- Theatrical release poster
- Directed by: T. R. Ramanna
- Screenplay by: Thanjai N. Ramaiah Dass
- Produced by: T. R. Ramanna
- Starring: M. G. Ramachandran T. R. Rajakumari Rajasulochana G. Varalakshmi
- Cinematography: T. K. Rajabahathar
- Edited by: M. S. Mani A. Thangaraj
- Music by: Viswanathan–Ramamoorthy
- Production company: R. R. Pictures
- Distributed by: K. S. Pictures
- Release date: 29 July 1955;
- Running time: 165 minutes
- Country: India
- Language: Tamil

= Gulebakavali (1955 film) =

1955 film by T. R. Ramanna

Gulebakavali (/ɡuleɪbəkɑːvəli/ ) is a 1955 Indian Tamil-language action adventure film produced and directed by T. R. Ramanna, and written by Thanjai N. Ramaiah Dass. The film stars M. G. Ramachandran, T. R. Rajakumari, Rajasulochana and G. Varalakshmi. Based on the story of the same name from the Arabic folklore collection, One Thousand and One Nights, it tells the story of a young prince who sets out to the kingdom of Bakavali to find a mysterious flower which is believed to have the power to restore his father's eyesight. The film was released on 29 July 1955 and became a commercial success.

== Plot ==

A king has two wives. He banishes his first wife as an astrologer told him that he would lose his vision because of her son Dasan. The mother and son live in the woods and when he meets his father without knowing his identity, the king loses his sight. When the son gets to know about the sad tale from his mother, he sets out to bring a rare flower from the kingdom of Bakavali, which would restore the king's sight.

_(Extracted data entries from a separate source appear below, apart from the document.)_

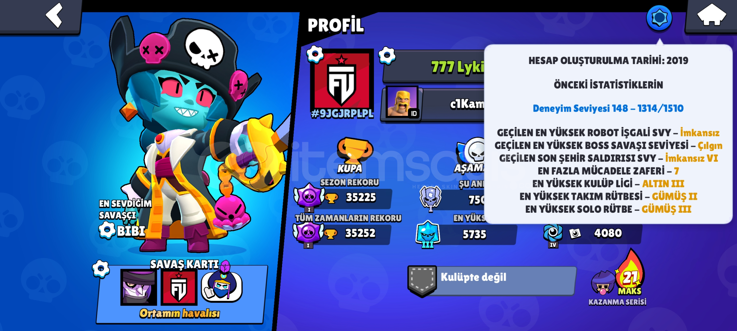(pazarlık var)Ayrıntılar videolarda varBrawl stars vidosuhttps://streamable.com/0k0er2Clas royle ve clas Of clans videosuhttps://streamable.com/38rr21MmHesapları cr coc bs katoloklarına koyduğum için aynı 3 ilan var biri satıldığında diğerleride ilandan kaldırılacak
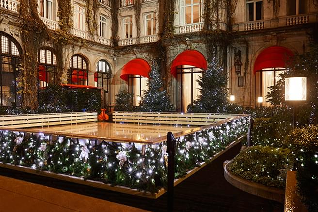 Entourés de sapins scintillants, patinez au cœur de l'un des plus prestigieux palace parisien.
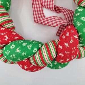 Vintage Cottagecore Christmas Holiday Braided Multipattern Cotton Wreath
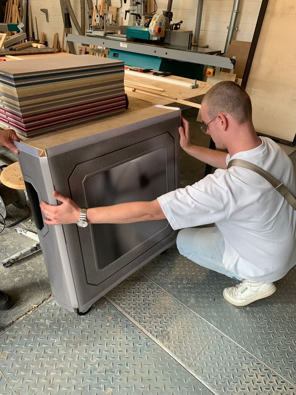 Die mobile Werkstatt besteht aus drei flexibel kombinierbaren Modulen und passt sich unterschiedlichen Raumsituationen an.
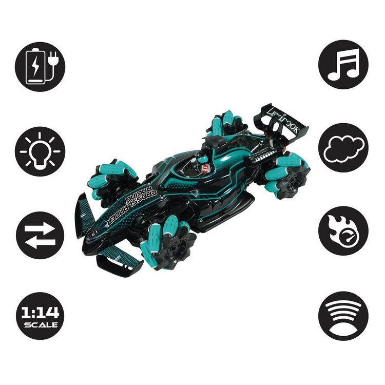 Crosslander Racing voiture télécommandée Pneus adhérents et 4 roues motrices Voiture de course lumineuse Aventure et amélioration des capacités motrices Buse : effets de fumée pour un départ de course encore plus impressionnant (une pipette est incluse pour remplir le réservoir d'eau) Fonction dérive : mouvements latéraux et diagonaux Vitesse maximale : 10 km/h / échelle 1/14 Télécommande ergonomique Effets lumineux et sonores étonnants qui confèrent du dynamisme Fréquence 2,4 GHz Mode démo Batterie rechargeable dure 20 minutes / Temps de charge : 2-3 heures (câble USB fourni) La télécommande nécessite deux piles 1,5 V AA/LR6 (non fournies), le compartiment à piles s'ouvre avec un tournevis (non fourni) Dimensions approximatives : 36 x 17 x 11 cm

To achieve it, Dasan undergoes many adventures — enters into a debate with the queen Bakavali and wins the battle of wits, challenges a woman Lakbesha held captive by a crook Sukur in a fake dice contest, and rescues a slave dancer Mehmoodha of a tribal chief. Dasan wins them all and succeeds in getting the flower along with the three women who turn out to be princesses and siblings. Meanwhile, his stepbrothers try to steal the flower, but are exposed.

== Production ==
Gulebakavali is the second Tamil film to be based on the story of the same name from the Arabic folklore collection One Thousand and One Nights, following a 1935 film. The film also involved a fight sequence between lead actor M. G. Ramachandran and a lion. Thanjai N. Ramaiah Dass, who wrote the screenplay, also wrote the songs' lyrics.

== Soundtrack ==
The soundtrack was composed by the duo Viswanathan–Ramamoorthy and all lyrics were written by Thanjai N. Ramaiah Dass. The song "Mayakkum Maalai" is one of the earliest film songs to be set in the Carnatic raga named Bageshri. It was originally composed by K. V. Mahadevan for Ramanna's previous film Koondukkili (1954). As that film was getting delayed and the song was yet to be filmed, Ramanna instead used it in Gulebakavali. Viswanathan–Ramamoorthy were credited as the composers instead of Mahadevan.

Track listing
| No. | Title | Singers | Length |
|---|---|---|---|
| 1. | "Mayakkum Maalai" | Jikki, A. M. Rajah | 4:27 |
| 2. | "Nayagamae Nabi" | S. C. Krishnan, Nagore E. M. Hanifa | 2:51 |
| 3. | "Acchu Nimirndha Vandi" | J. P. Chandrababu, A. G. Rathnamala | 3:12 |
| 4. | "Villendhum Veerarellam" | Thiruchi Loganathan, P. Leela, G. K. Venkatesh | 6:33 |
| 5. | "Maaya Valayil" | T. M. Soundararajan | 1:13 |
| 6. | "Vitthara Kalliyellam" | T. M. Soundararajan | 1:29 |
| 7. | "Kaiyai Thottathum" | T. M. Soundararajan, P. Leela | 2:37 |
| 8. | "Na Sokka Potta Navabu" | Jikki | 3:36 |
| 9. | "Aasaiyum Nesamum" | K. Jamuna Rani | 3:37 |
| 10. | "Bhagavali Naattilae" | T. M. Soundararajan | 3:47 |
| 11. | "Kannalae Pesum" | Jikki | 3:54 |
| 12. | "Arivuppoti" (dialogues) | M. G. Ramachandran | 3:26 |
| Total length: |  |  | 40:42 |

== Release ==
Gulebakavali was released on 29 July 1955, and was distributed by K. S. Pictures in Madras. The film became a commercial success.

== Legacy ==
The 2018 film Gulaebaghavali was named after this film, but with a different spelling. To connect these two films, director Kalyaan devised a "special flashback sequence".